Dropbox plus Mercurial -driven development. Anyone tried that? - nocivus
http://pedroassuncao.com/2011/02/dropbox-plus-mercurial-driven-development-anyone-tried-that/
======
kls
_This way any changes to the source code would be instantly reflected on
production._

This is universally a bad idea, you should never want anything other than
maybe a text change to go to production with a click of the save button. There
are just too many issues it can create. Even if you are a 1 man shop and the
app you are working on is insignificant, saving to prod is a really bad habit
to get into.

The reason being is it's power is seductive once you start working that way
you cant turn back, everything else seems slow and time consuming, so when you
get into a larger environment you skip steps and it causes a lot of problems
for other people. I had a developer once who worked like that, he was really,
really, really good, but he had this bad habit of dropping the files directly
to production, and saying well it was just a little change.
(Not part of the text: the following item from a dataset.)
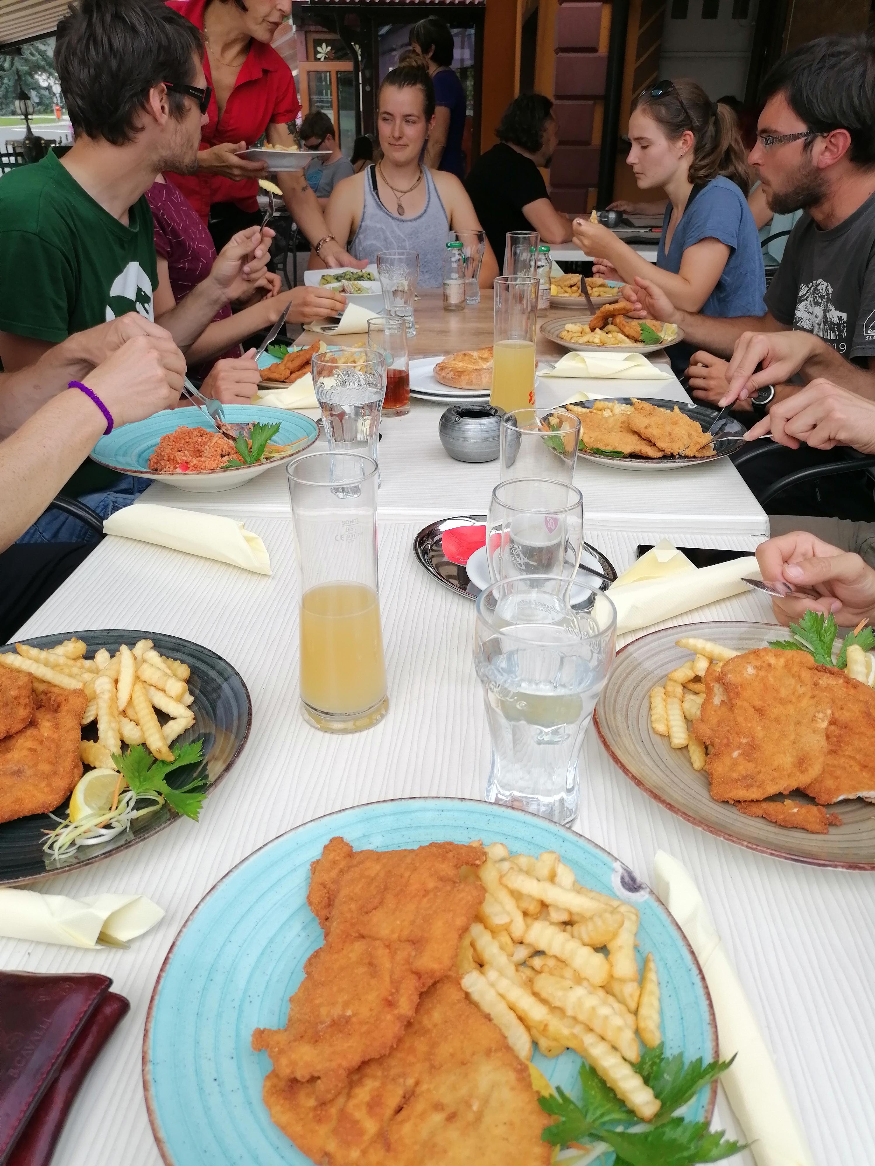 V nedeljo smo se polni lepih vtisov in prijetno izmučeni spakirali in odpravili proti domu. Verjamem da je bil marsikdo v kempu našega odhoda vesel, saj smo bili precej glasna druščina. Zjutraj so sicer še padale ideje o nedeljskem plezanju v Kotečniku, realen izid teh blazno optimističnih načrtov pa so bili polni želodci v gostilni Štajerski hram in za nekatere še dodatno polni trebuhi trojanskih krofov.

We ended up having
to get rid of him because he created a host of problems by always trying to
circumvent the process.

Files would not get into version control, but would be on production so next
drop reverted stuff, test environments where not in sync with prod, we had to
restrict developers rights on machines, it was a mess. Anyways point is, I
think the Mercurial dropbox thing is a good idea, but don't get in the habit
of saving directly to prod, it can become a very nasty habit to break.